━━━ INPUT ━━━

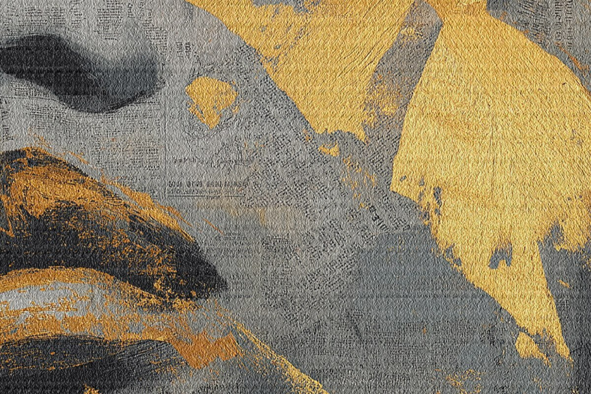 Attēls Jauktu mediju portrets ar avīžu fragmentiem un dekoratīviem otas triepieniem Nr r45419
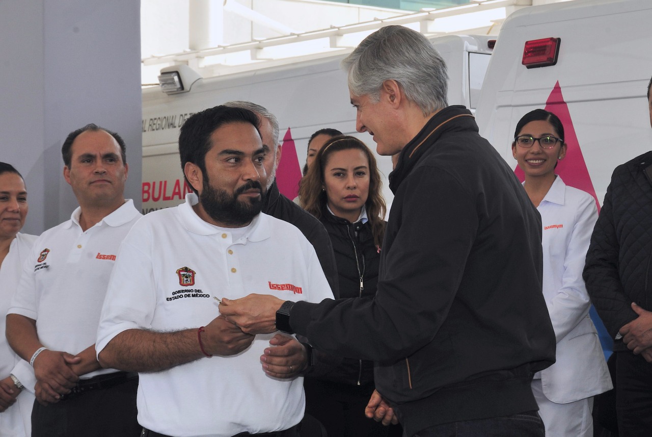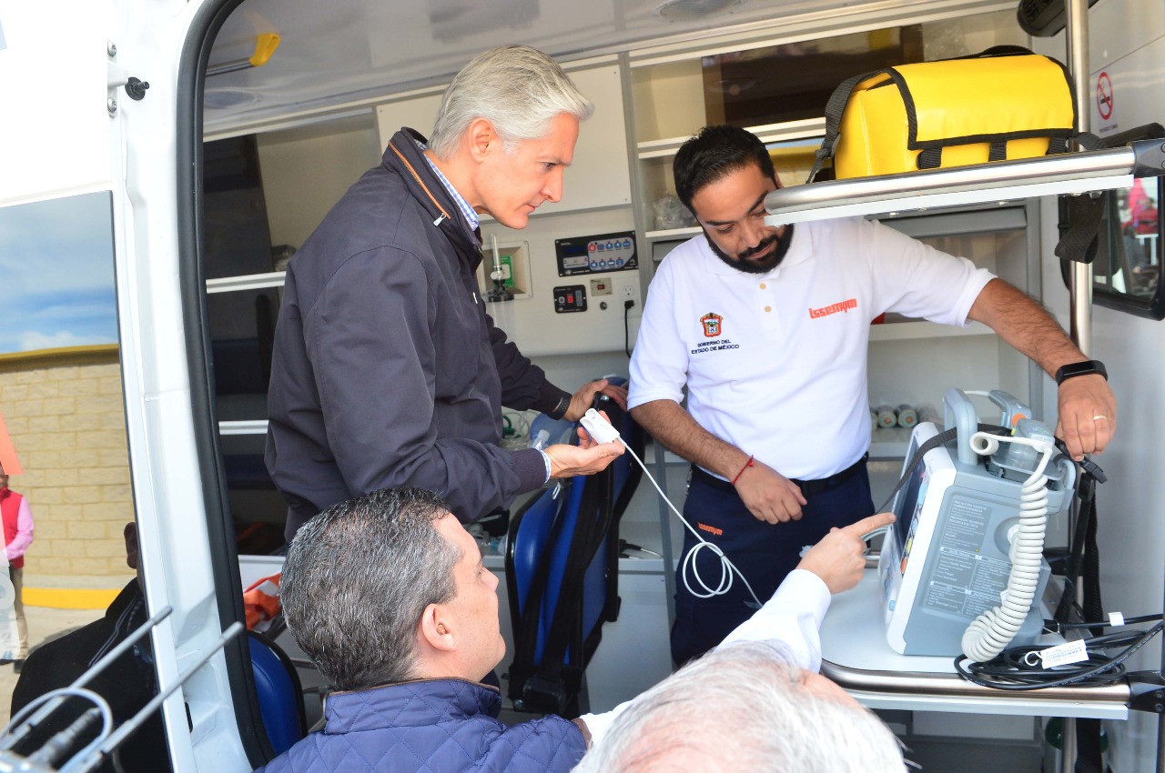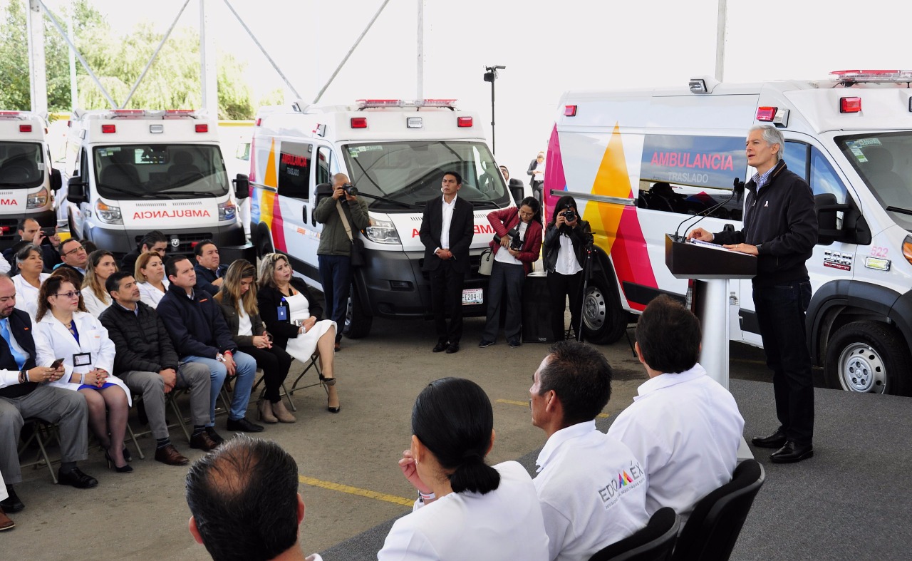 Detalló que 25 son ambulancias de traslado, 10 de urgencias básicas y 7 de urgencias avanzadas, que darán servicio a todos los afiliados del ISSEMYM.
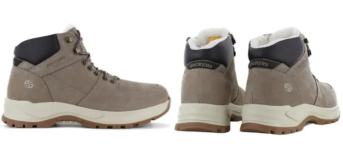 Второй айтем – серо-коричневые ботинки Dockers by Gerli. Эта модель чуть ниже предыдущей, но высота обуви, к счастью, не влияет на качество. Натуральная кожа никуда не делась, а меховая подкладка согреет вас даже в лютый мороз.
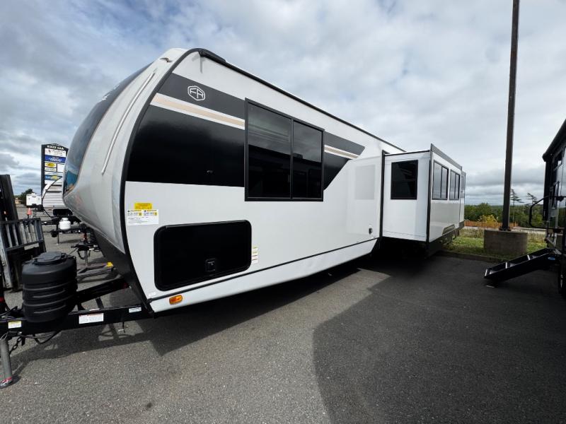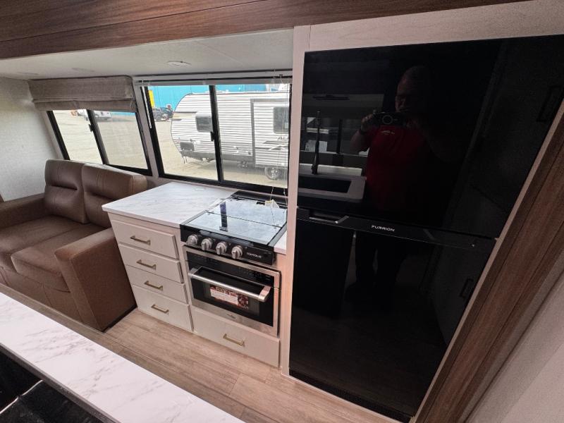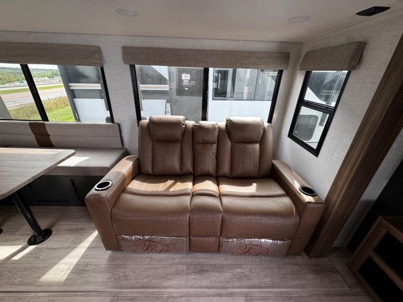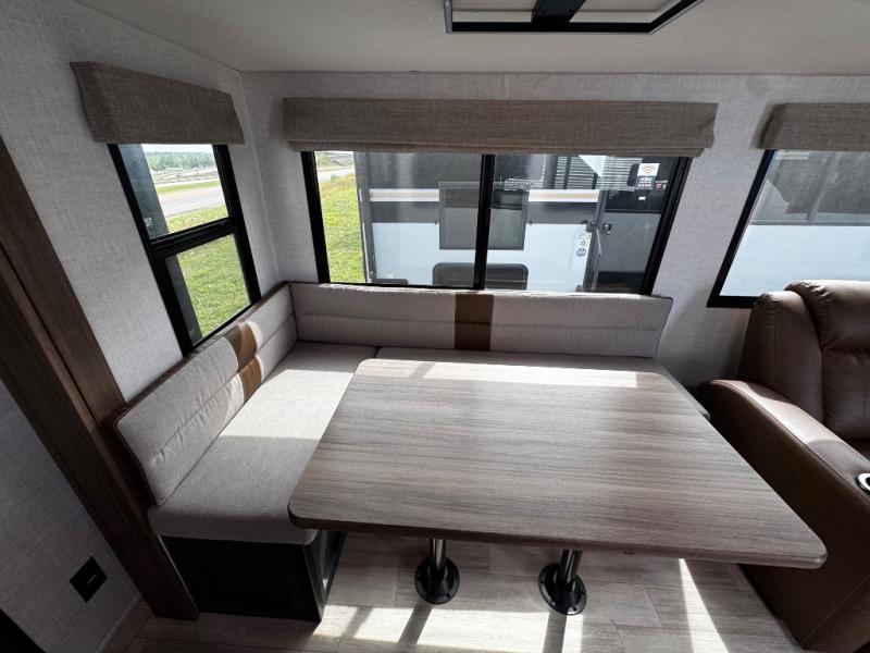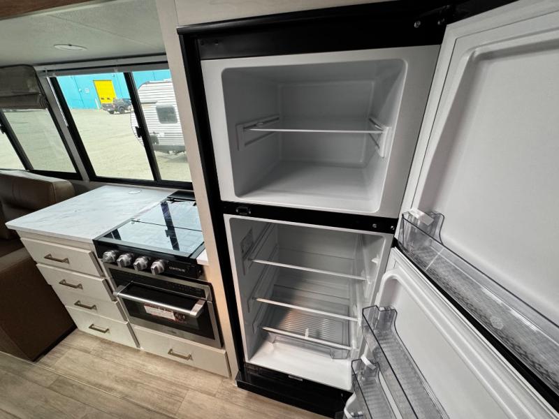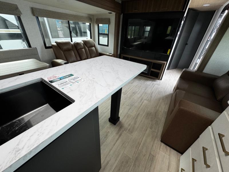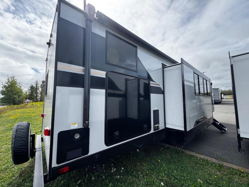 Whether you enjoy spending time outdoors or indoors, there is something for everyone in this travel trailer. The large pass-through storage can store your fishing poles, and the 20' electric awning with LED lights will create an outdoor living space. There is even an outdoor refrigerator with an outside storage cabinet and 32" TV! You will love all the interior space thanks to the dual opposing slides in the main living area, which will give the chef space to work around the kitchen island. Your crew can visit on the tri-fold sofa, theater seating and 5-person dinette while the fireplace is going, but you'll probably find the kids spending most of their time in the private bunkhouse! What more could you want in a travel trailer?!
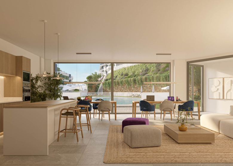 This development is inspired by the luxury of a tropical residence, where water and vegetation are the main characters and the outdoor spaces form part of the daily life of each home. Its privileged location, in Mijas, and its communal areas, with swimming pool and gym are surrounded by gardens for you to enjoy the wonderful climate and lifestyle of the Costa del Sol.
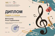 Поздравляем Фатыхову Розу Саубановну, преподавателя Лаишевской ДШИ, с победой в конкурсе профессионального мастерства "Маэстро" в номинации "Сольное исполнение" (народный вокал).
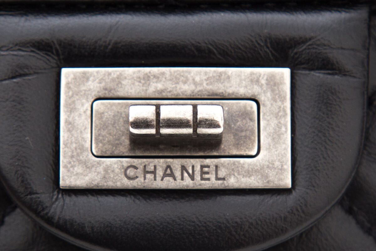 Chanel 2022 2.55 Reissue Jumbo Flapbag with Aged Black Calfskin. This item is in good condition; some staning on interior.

━━━
━━━ INPUT ━━━

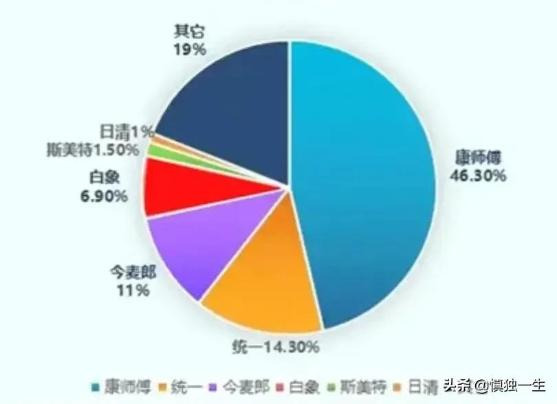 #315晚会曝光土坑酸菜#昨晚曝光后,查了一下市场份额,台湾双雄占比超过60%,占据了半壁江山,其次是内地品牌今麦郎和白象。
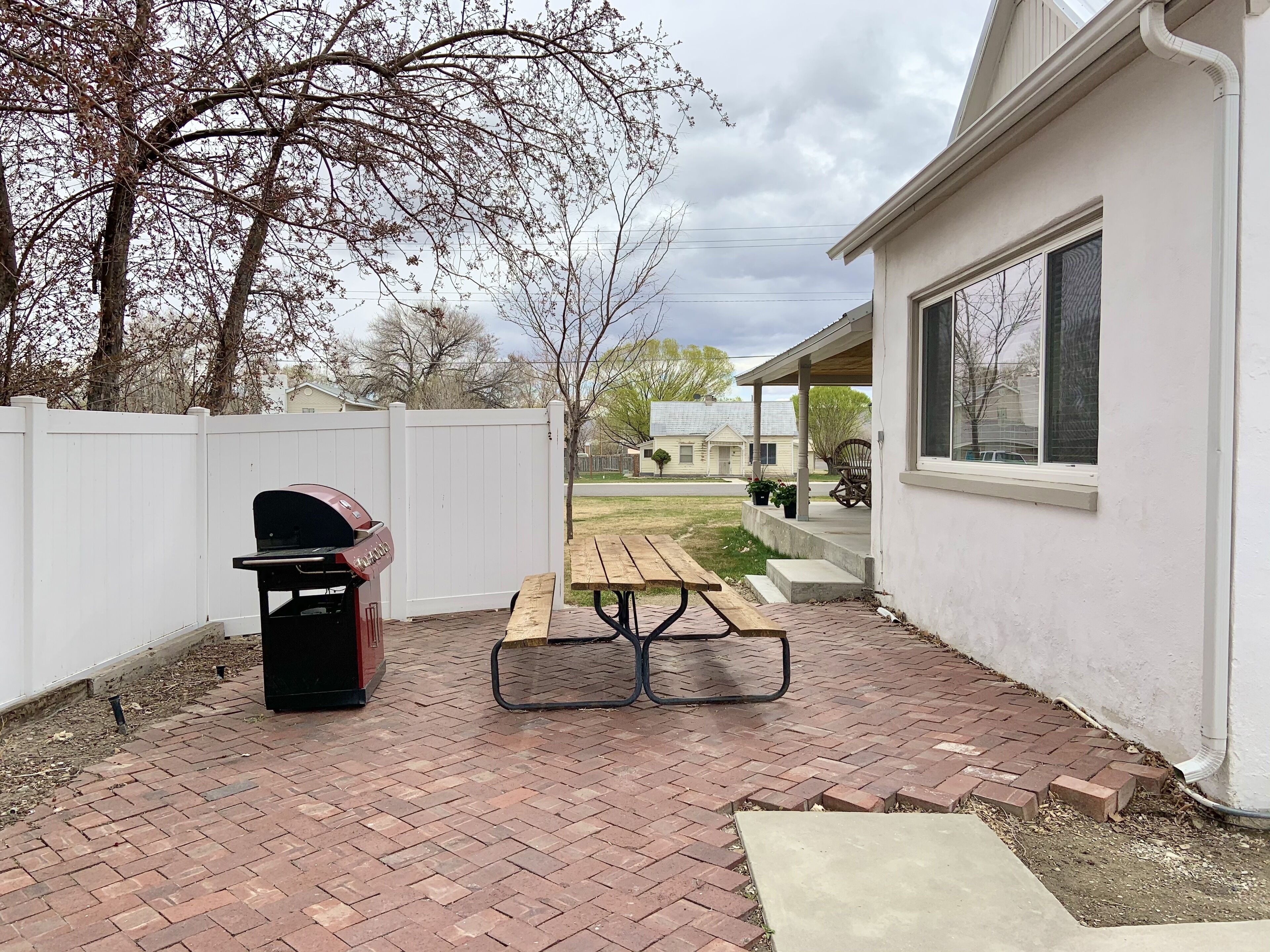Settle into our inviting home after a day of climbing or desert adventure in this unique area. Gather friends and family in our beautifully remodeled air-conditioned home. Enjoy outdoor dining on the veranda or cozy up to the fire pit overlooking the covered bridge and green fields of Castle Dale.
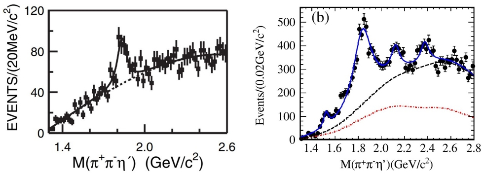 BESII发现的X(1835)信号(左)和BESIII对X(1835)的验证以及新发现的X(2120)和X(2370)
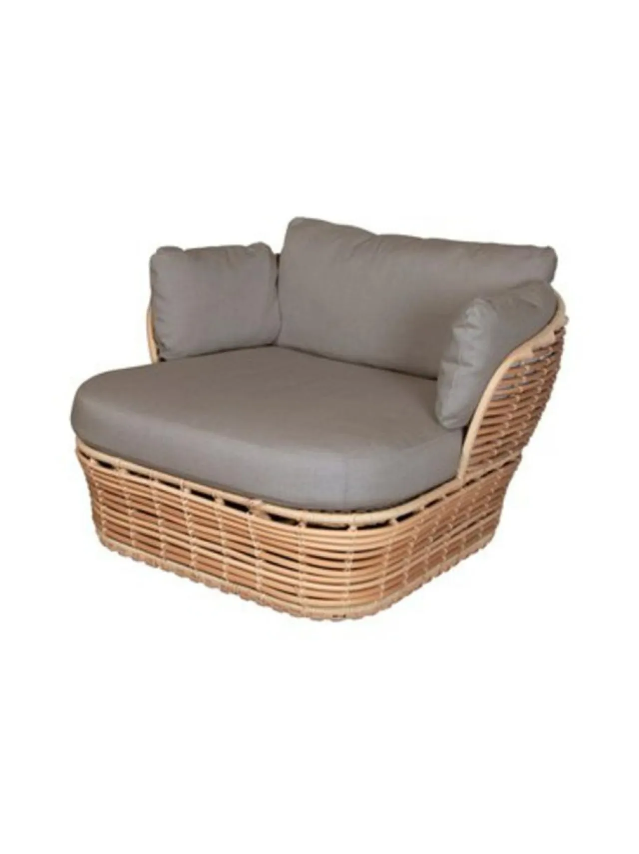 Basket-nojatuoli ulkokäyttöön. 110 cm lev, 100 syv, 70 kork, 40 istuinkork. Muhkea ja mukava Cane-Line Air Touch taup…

━━━

» TASK
Here the job is to copy the listing above word for word, starting at the line with "Attēls Jauktu mediju" and ending at the line with "Второй айтем –", and to leave out the pictures.

» COMPLETED TASK
 Attēls Jauktu mediju portrets ar avīžu fragmentiem un dekoratīviem otas triepieniem Nr r45419
 Detalló que 25 son ambulancias de traslado, 10 de urgencias básicas y 7 de urgencias avanzadas, que darán servicio a todos los afiliados del ISSEMYM.
 Второй айтем – серо-коричневые ботинки Dockers by Gerli. Эта модель чуть ниже предыдущей, но высота обуви, к счастью, не влияет на качество. Натуральная кожа никуда не делась, а меховая подкладка согреет вас даже в лютый мороз.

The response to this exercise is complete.